[WikiEN-l] More AfD toxicity

Justin Cormack justin at specialbusservice.com
Thu Feb 16 00:18:02 UTC 2006


On 15 Feb 2006, at 23:27, Matt Brown wrote:

> On 2/15/06, Steve Bennett <stevage at gmail.com> wrote:
>> I'm a little confused about why we seem to keep trying to raise  
>> the bar on notability.
>
> I think it's among other things connected with the feeling expressed
> here by Justin:
>
> On 2/15/06, Justin Cormack <justin at specialbusservice.com> wrote:
>> Yes it is frustrating that so much work goes into trivial subjects  
>> and
>> (despite what some people seem to think) there are vast areas without
>> even stubs or redlinks.
>
> In other words, I feel that people keep trying to raise the bar on
> notability because it bugs them that people are willing to expend so
> much effort on what they consider "trivia" when there's so much work
> to be done on "worthy" subjects.
>
> To be fair, it's only one reason, another being that some feel (don't
> you love weasel terms?) that large amounts of information on "trivial"
> subjects detracts from our image.

Actually I dont have a problem with large amounts of trivia.
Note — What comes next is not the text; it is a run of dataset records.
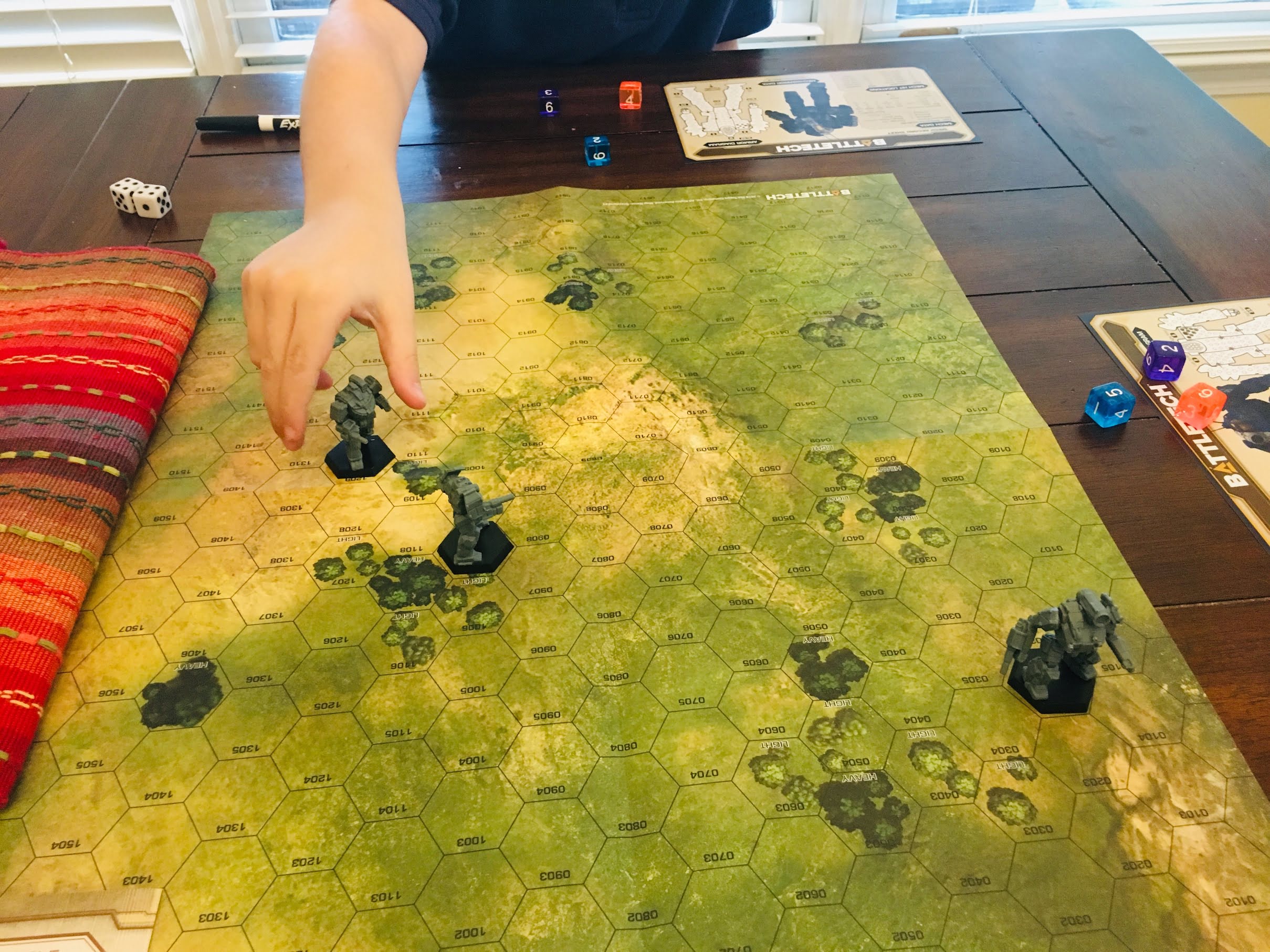 With the GATOR acronym, players will quickly figure out the combat part of the game. I played the game with my two boys (ages 11 and 8) and after only a couple rounds, they were both calculating their own TNs for attacks against Dad. I let them team up against me and they whooped me good once they figured out some basic tactics of working together to reach my blind spots. My 11 year old was screaming for another game and begging for me to invite some of his friends over to teach them. And we’re going to do exactly that — a BattleTech game at my house is scheduled in a few weeks with five of his friends.
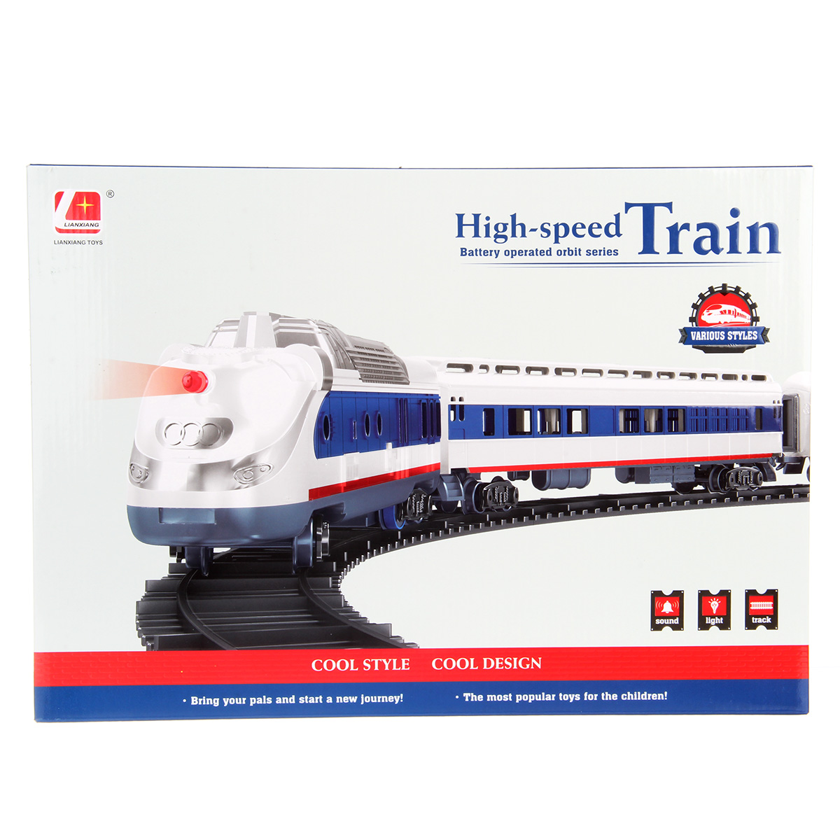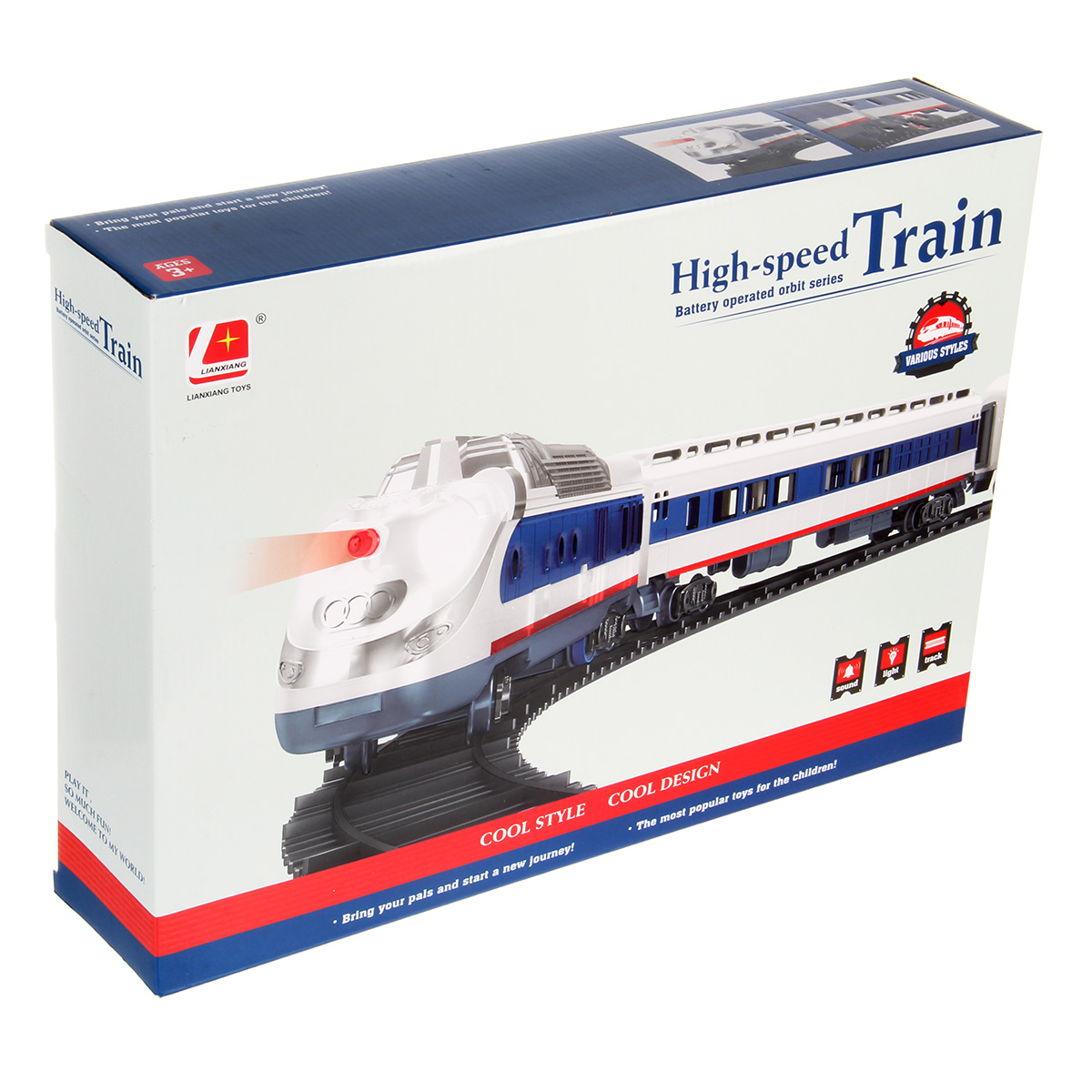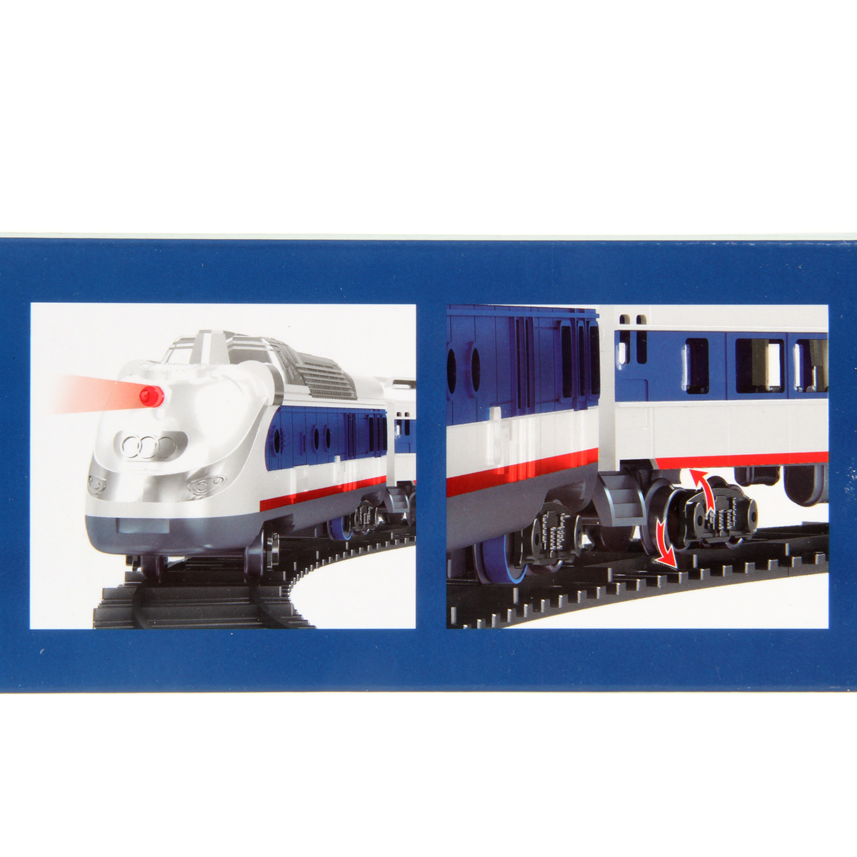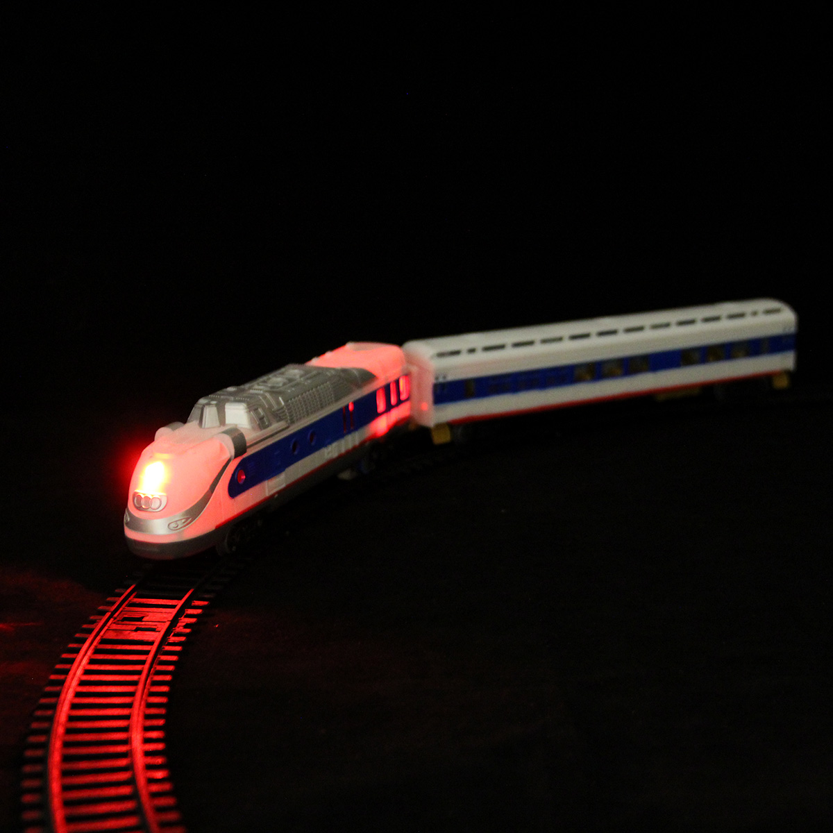 Игрушечная железная дорога с локомотивом со светом и звуком. Игрушка поезд в современном дизайне, игрушечный локомотив с эффектной подсветкой, звуками гудка и стука колес, движением вперед. Вагон и локомотив соединяются между собой, рельсы легко собираются, большой диаметр собранной железной дороги, конструктор удобно хранить в компактной коробке.
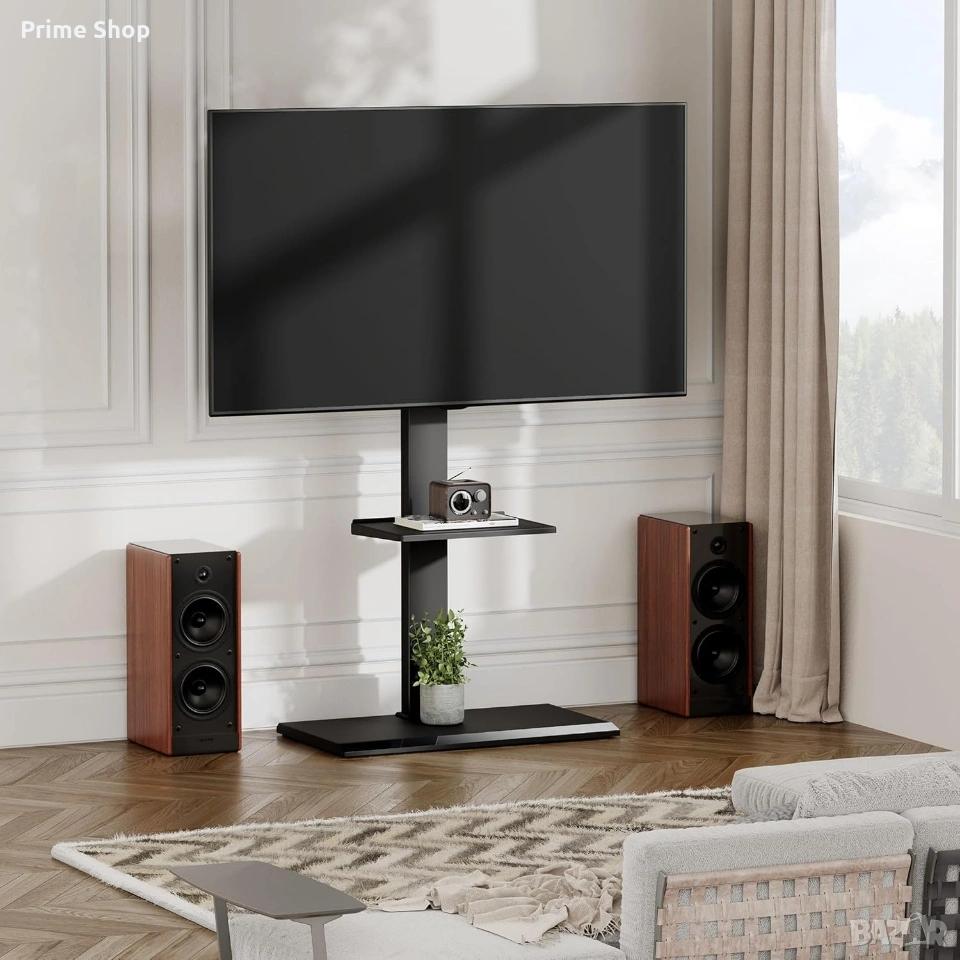 стойка за телевизор, подова стойка за TV, FITUEYES, VESA стойка, метална стойка за телевизор, стойка 65 инча, стойка 75 инча, въртяща се стойка, TV stand black, интериорни решения.

I do have a problem with stuff that makes a bad stub but could add
detail and context to a larger article. When I was organizing the
stuff in the field of [[Beer]] I spent a lot of time merging
articles about individual beers (normally written after a trip to
the pub) into articles about breweries. Beers come and go but
breweries are companies and have documentation. I think I left
about 40 beers that had real notability (some eponymous with
breweries eg Guinness and the Budweisers, others historical).
Maybe one day someone will write good articles about every beer
brewed by Miller, 100 words or so but I doubt it. In the mean time
a sentence under the main article is better in every way.

Steve said:
 > Is there any discussion of notability for software? How many software
 > products do we want in Wikipedia? I would have thought several
 > thousand, if not several tens of thousands could easily be justified.
 > We are, after all, an encyclopaedia. Is our aim not to produce a
 > consultable body of knowledge? I'm a little confused about why we  
seem
 > to keep trying to raise the bar on notability.

Notability for software is interesting, not sure I have seen any
guidelines (I dont contribute much as its too much like work). Does
the program embody new techniques? Did it create a new market? Did
it replace the market leader? Maybe those questions just reflect my
interests but at least they give something to write a few hundred
words on.

Its difficult. Sometimes there are articles that I might think could
only be a stub and be wrong. And having a stub might make someone else
write a real article. The stubs I have written that have been taken
up by other people have really pleased me, although not as much as
some of the obscure stuff I have written real articles on (like
[[Metropolitan Drinking Fountain and Cattle Trough Association]]).